AT&T Tech Paints Stark Picture of NSA Telecom Spying

AT&T employee-turned-whistleblower Mark Klein, a 62-year-old retired telecommunications technician, was in Washington Wednesday to meet with members of Congress to convince them that telecommunications companies shouldn’t get immunity for the part they played in helping the National Security Agency (NSA) collect and record massive amounts of Americans’ Internet communications.

When Klein worked for AT&T in 2002, he said he received e-mails from higher management advising technicians of a special visit from the NSA and that an NSA agent was going to interview another technician for a “special job.” In January 2003, he toured AT&T’s Folsom Street facility in San Francisco, where a new 24-by-48-foot secret room was being built adjacent to telecommunications switches.

At the time, Klein was a fiber optics technician, and he said he became aware that AT&T’s WorldNet Internet service’s optical circuits had been split so that electronic voice and data traffic from AT&T’s customers could be copied and diverted to the secret room, which was locked and controlled by the NSA.
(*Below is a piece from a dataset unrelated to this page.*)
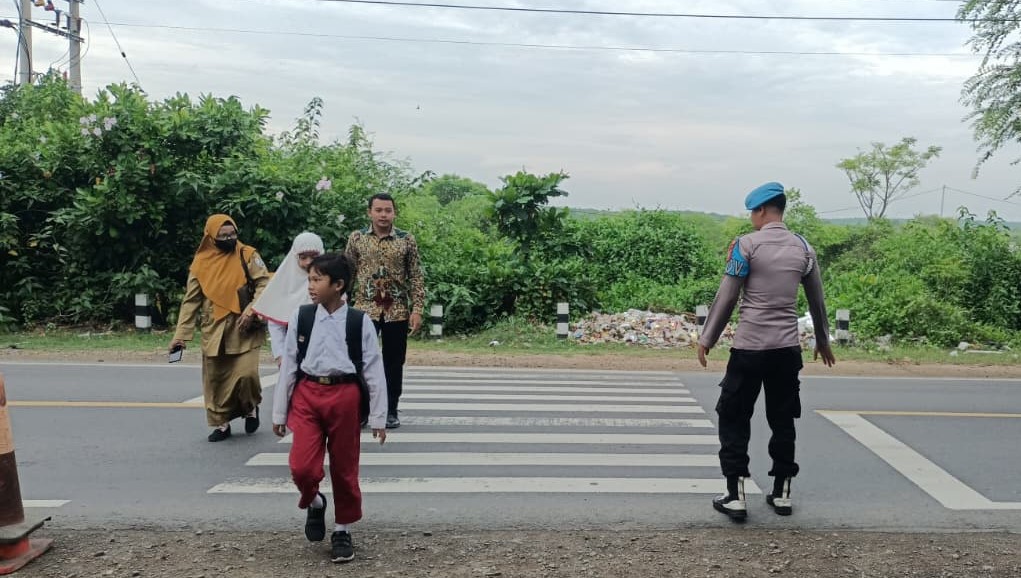 Sampang – Personil Polsek Camplong kesatuan Polres Sampang laksanakan penjagaan, Pengamanan dan Pengaturan arus Lalu Lintas di depan Sekolah Dasar SDN Taddan 2 Camplong, pada hari selasa (10/12/2025) pagi.

“My job required me to enable the physical connections between AT&T customers’ Internet communications and the NSA’s illegal, wholesale copying machine for domestic e-mails, Internet phone conversations, Web surfing and all other Internet traffic. I have first-hand knowledge of the clandestine collaboration between one giant telecommunications company, AT&T, and the National Security Agency to facilitate the most comprehensive illegal domestic spying program in history,” Klein stated.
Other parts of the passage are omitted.